No era yo el único impresionado así. De la treintena de alumnos que formábamos la clase a la que pertenecía, seis entramos en la Compañía de Jesús, dos al clero diocesano y uno a la Orden benedictina. Personalmente, creo que en mí se desarrollaron a la vez la vocación al sacerdocio y a la Compañía de la manera más natural. Debería quedar claro que, dadas las circunstancias, no separé la vocación sacerdotal y la religiosa; ambas vinieron juntas y fueron prácticamente inseparables. A esta influencia recibida de mis profesores debo añadir, con un sentimiento de profunda gratitud, y sin que yo lo supiera en ese momento, que mi querida madre, desde el mismo momento en que empezó a tener hijos, empezó a rezar para que uno de ellos se hiciera sacerdote. Esto explica, tal vez, el sentimiento que siempre he tenido de haber sido objeto de especial cariño por su parte. Probablemente, ella tenía el presentimiento de que ese sería yo. Años más tarde, cuando en el invierno de 1944 estaba ingresada en una clínica de Lovaina para ser sometida a una operación de cáncer, fui a visitarla antes de la intervención, cuyo resultado era incierto. Con gran emoción me dijo entonces que mi vocación había sido la mayor alegría y gracia de su vida, y que la había estado pidiendo a Dios durante muchos años. Finalmente, ella murió de cáncer el 7 de mayo de 1945, el mismo día en que todas las campanas de la ciudad estaban tocando para celebrar el final de la guerra. Ella había ofrecido su vida para que todos nosotros pudiéramos sobrevivir a las penurias de la guerra. No me cabe duda de que debo mi vocación a mi madre, a su ejemplo y oraciones.

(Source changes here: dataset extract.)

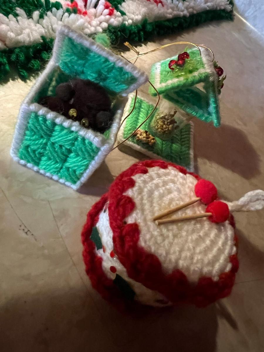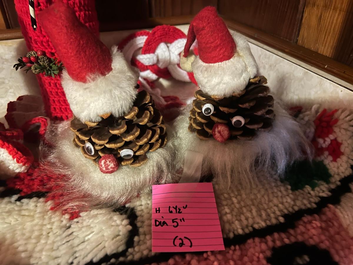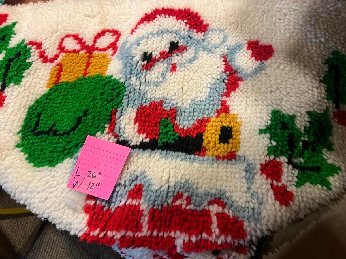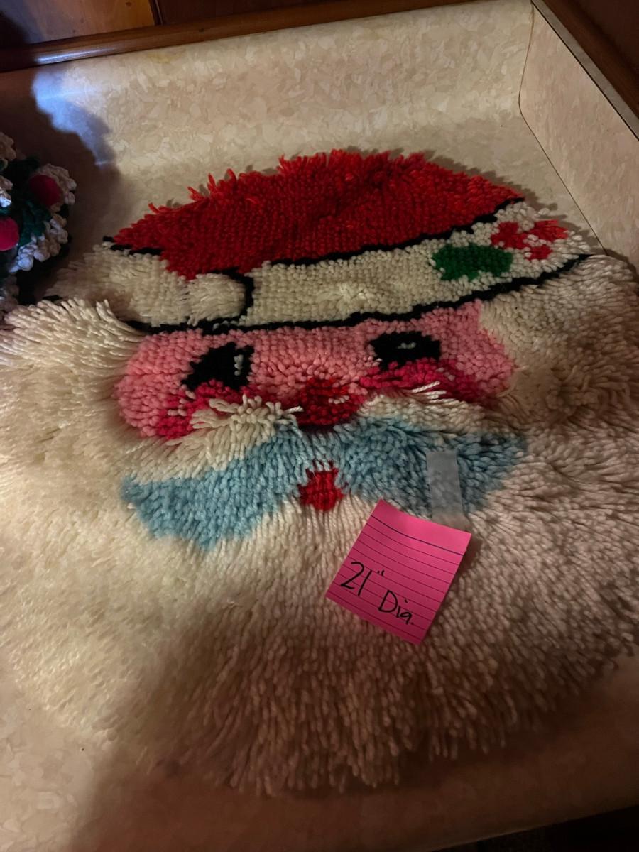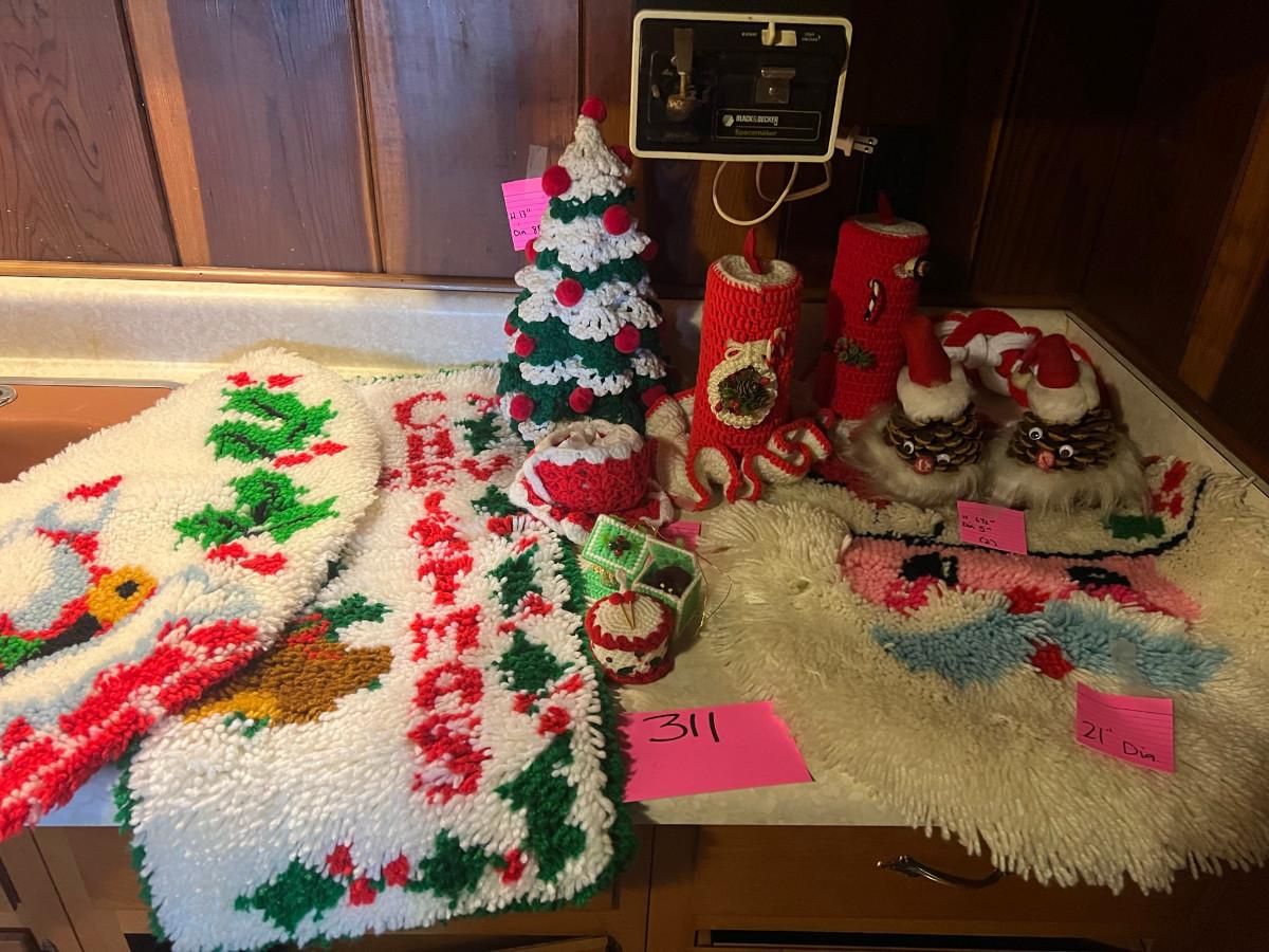 Knitted Christmas items and décor X-mas rugs 1. 21" diameter, 2. 33" x 17", 3. 26" x 12", 2x candles 10.5" x 7", tree 13" x 8.5", Jack in the box, drum, santa pin, bird house, cup holder, trivet, and 2 pinecone people

Terminé el colegio en julio de 1941 y entré al noviciado en septiembre. Cuando le conté a mis padres y a mi familia mi decisión de entrar en la Compañía, su primera reacción fue la de pedirme que esperara hasta el final de la guerra para irme de casa. Las condiciones durante la ocupación nazi eran, de hecho, muy duras, y parecía mejor posponer mi decisión hasta el momento en que, acabada la guerra, mi vida ya no corriera peligro y las condiciones hubieran mejorado. Mi respuesta fue que no se sabía cuánto duraría la guerra y que creía que no debía posponer mi decisión. Parece que eso tenía sentido para mis padres. Los demás, sin embargo, reaccionaron cada cual a su modo. Mi madre vio en mi vocación la realización de sus aspiraciones más profundas, aunque, por supuesto, la separación fuera especialmente dolorosa; pero ella sabía cómo aceptar sacrificios y haría este por mí. Para mi padre fue más difícil de entender y de aceptar. Alimentaba grandes esperanzas para mi futuro, como también para mi hermano mayor, en otra dirección bastante diferente, en la vida profesional. Sin embargo, nunca trató de disuadirme o de interferir en lo que yo pensaba que era mi vocación, aun cuando la llamada no siempre fuera fácil de explicar racionalmente. Me insistía una y otra vez en que, si alguna vez yo me arrepentía de mi decisión y descubría que me había equivocado, no dudara en volver a casa, donde siempre sería bienvenido. Gracias a Dios, eso no sucedió, y mi familia ha permanecido más apegada a mí desde entonces.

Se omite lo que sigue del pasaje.